When executing the following DTrace script: sudo dtrace -n 'syscall:::entry /execname == "Xorg"/ {@[ustack()] = count();}' and pressing ^C, the Xserver freezes. The machine (a laptop) is unresponsive. So I ssh'd into the laptop (from a different laptop), and did: pgrep dtrace Sure enough the dtrace exec was still alive, but not doing anything (that I can tell). Firefox still did IO and stuff, but Xorg didn't have _any_ activity (according to top). So I did a `kill -9 $(my-dtrace-pid)` This caused Xorg to restart. Bottom line: running that simple (and common) DTrace script froze Xorg. I don't mean to be inflammatory but, this should _never_ happen, especially not in production --- which means that the FreeBSD DTrace implementation is violating DTrace's original design constraints. This is a critical error, and shows that FreeBSD's DTrace may not be suitable for production use, yet. So far I've only been able to replicate this on Xorg. It may be of importance that I did `make buildworld` and `make installworld` with the following options: CFLAGS+=-fno-omit-frame-pointer STRIP= WITH_CTF=1 In other words I made all of my installed packages dtrace-friendly. How-To-Repeat: When running Xorg (not stripped, no frame-pointer optimization, and with CTF) run: sudo dtrace -n 'syscall:::entry /execname == "Xorg"/ {@[ustack] = count();}' resize windows, click around, etc. go back to terminal and hit ^C.

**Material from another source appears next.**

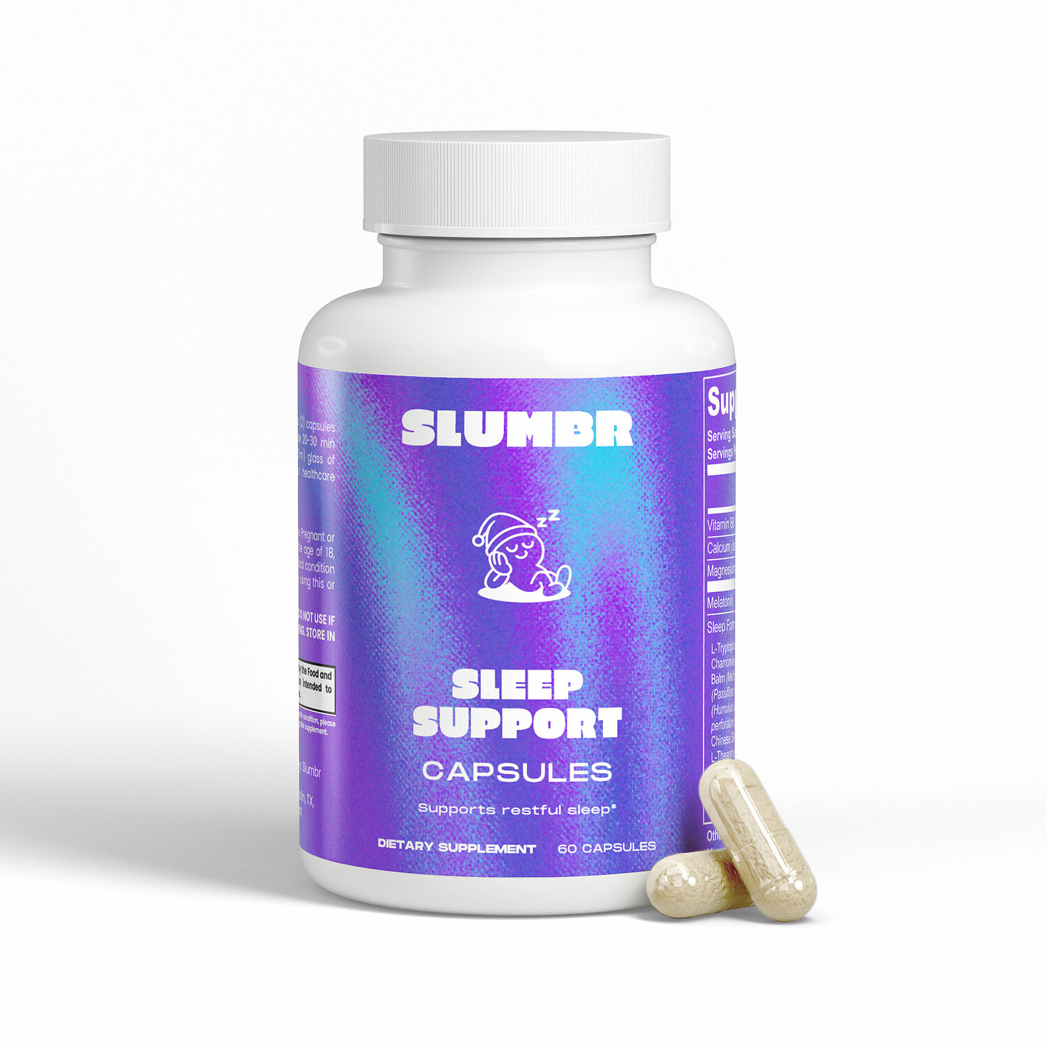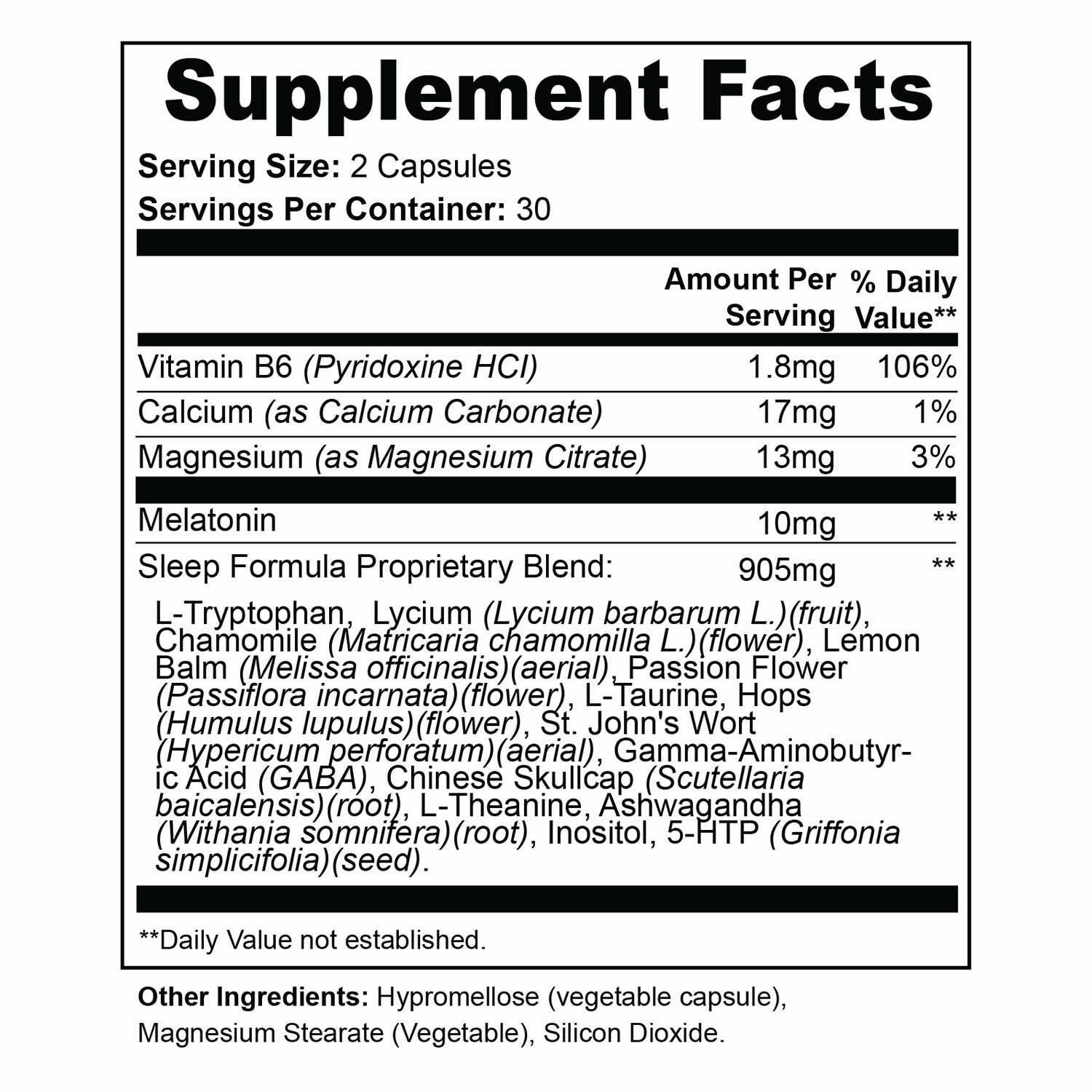— Ingredients: Magnesium Citrate, Pyridoxine HCl Powder (Vitamin B6), Calcium Carbonate, Melatonin, Sleep Formula Proprietary Blend (L-Tryptophan, Lycium (Lycium barbarum L.) (Fruit), Chamomile (Matricaria chamomilla L.) (Flower), Lemon Balm (Melissa officinalis) (Aerial), Passion Flower (Passiflora incarnata) (Flower), L-Taurine, Hops (Humulus lupulus) (Flower), St. John’s Wort (Hypericum perforatum) (Aerial), Gamma-Aminobutyric Acid (GABA), Chinese Skullcap (Scutellaria baicalensis) (Root), L-Theanine, Ashwagandha (Withania somnifera) (Root), Inositol, 5-HTP (Griffonia simplicifolia) (Seed)), Hypromellose (Vegetable Capsule), Silicon Dioxide (Sipernat 22), Magnesium Stearate

now that's a can of worms ! i'm poor at BSD, not a maintainer i use other mostly, but let me make some suggestions: DTrace, also known as Dynamic Tracing, was developed by Sun as a tool for locating performance bottlenecks in production and pre-production systems. It is not, in any way, a debugging tool, but a tool for real time system analysis to locate performance and other issues. #0 this tells me it is meant for regression testing / engineering not normal users #1 if it's for Sun they used a nice BUS, not same - maybe on their bus there was no bus error #2 did you try running X.org using frame buffer driver ? #3 i'm sure you know signaling buses and interrupts can be touchy #4 keeping video card in right mode / failing to be in right state can be touchy i'm thinking DTrace uses debug abilities of hardware, not just kernel commands, to peek. that's important because if one emulated it would one do so in parallel or in spinlock ? what was #2? well if X runs as root for access to video card. if there are permission problems or any problem or if video card doesn't respond it takes system down. like breaking a vacuum tube you might say, which runnign as "normal user" protects against. but ah there are ways to fool X to do the wrong thing after it logs in as user because !due to crap quality video cards! it still must be root in some cases next we have to drag the cat in and ask which hw your running :) good luck , John
Responsible Changed From-To: freebsd-bugs->markj I'll take this.